OUR VIEW: Every degree can take you somewhere

Recently a certain Utah Senator professed that many majors offered at Utah institutions of higher learning are “degrees to nowhere.” We are here to fight for the Psychology, History, English and even the Philosophy majors. We hear your cries, and we have a list of reasons to explain why you all aren’t worthless.

    First, it has been said by many that liberal arts degrees are the best undergraduate degrees to have when pursuing a career as an attorney or a judge. Since pre-law does not require any specific bachelor degree, English and philosophy are two of the best majors, as they help expand the mind and broaden our viewpoints. How else can we learn how to read the classics and apply them to our lives?

    Second, most employers list communication skills as their top priority when it comes to hiring. Many graduates have great GPA’s and took all the technical classes their majors required, but they have no idea how to write an email, let alone a cover letter or memo to a boss. Liberal arts degrees may not teach you how to build an airplane, but they do teach you how to communicate effectively with those who do. 

    And third, liberal arts degrees are just awesome. These degrees don’t sit around and crunch the numbers, but they keep alive the messages of those who came before us. They apply Freud’s research to current diagnoses, they connect Mark Twain’s stories with current political events and they take the philosophies of Plato to discuss today’s ethical issues.

    We do not wish to diminish the importance of the other wonderful majors we have here at Utah State, but we want to stand up for those majors who are continuously described as “fluff majors,” for they are not worthless.

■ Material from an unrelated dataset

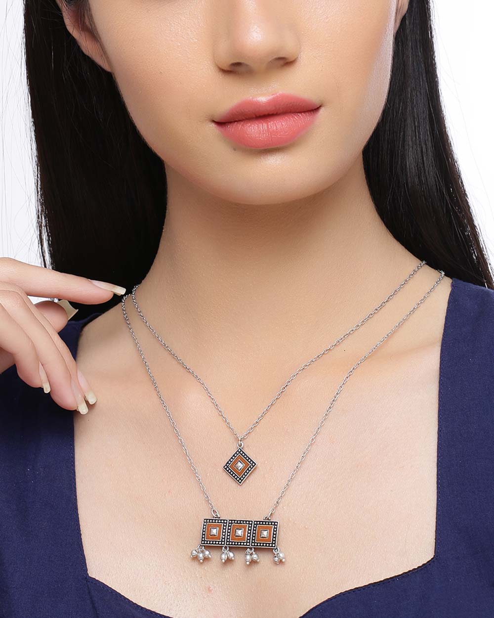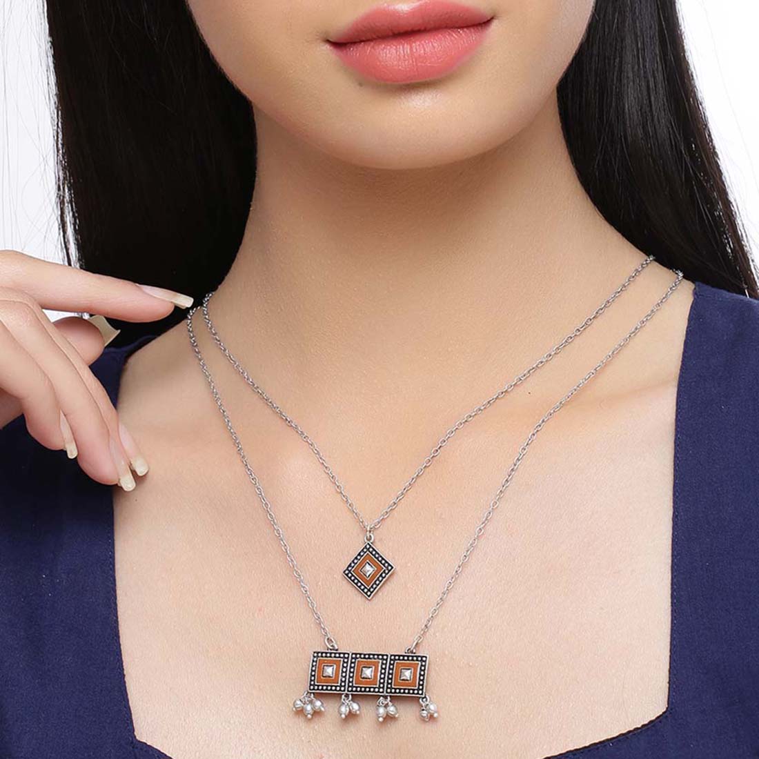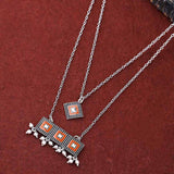 Layered necklace made from brass and inspired by dainty jewelry designs. Oxidised plated and enameled. Wear with an ethnic skirt or Indo-Western dress. This piece of jewelry comes with the Voylla assurance of quality and durability.

    Without the liberal arts degrees a college would be a boring collection of students memorizing body parts and analyzing building strength. These degrees bring us the art galleries, the poetry nights and the theater productions. They bring us the culture that makes Utah State the thriving college it is today. They are part of the cheering section at sports events, participants in dances and they contribute to Aggie pride just as much as anyone else.

    Those degrees may not appear, to some, to be career-oriented, but they shape students and shape a university into a circle of culture. Without them we would not be true-blooded Aggies from Utah.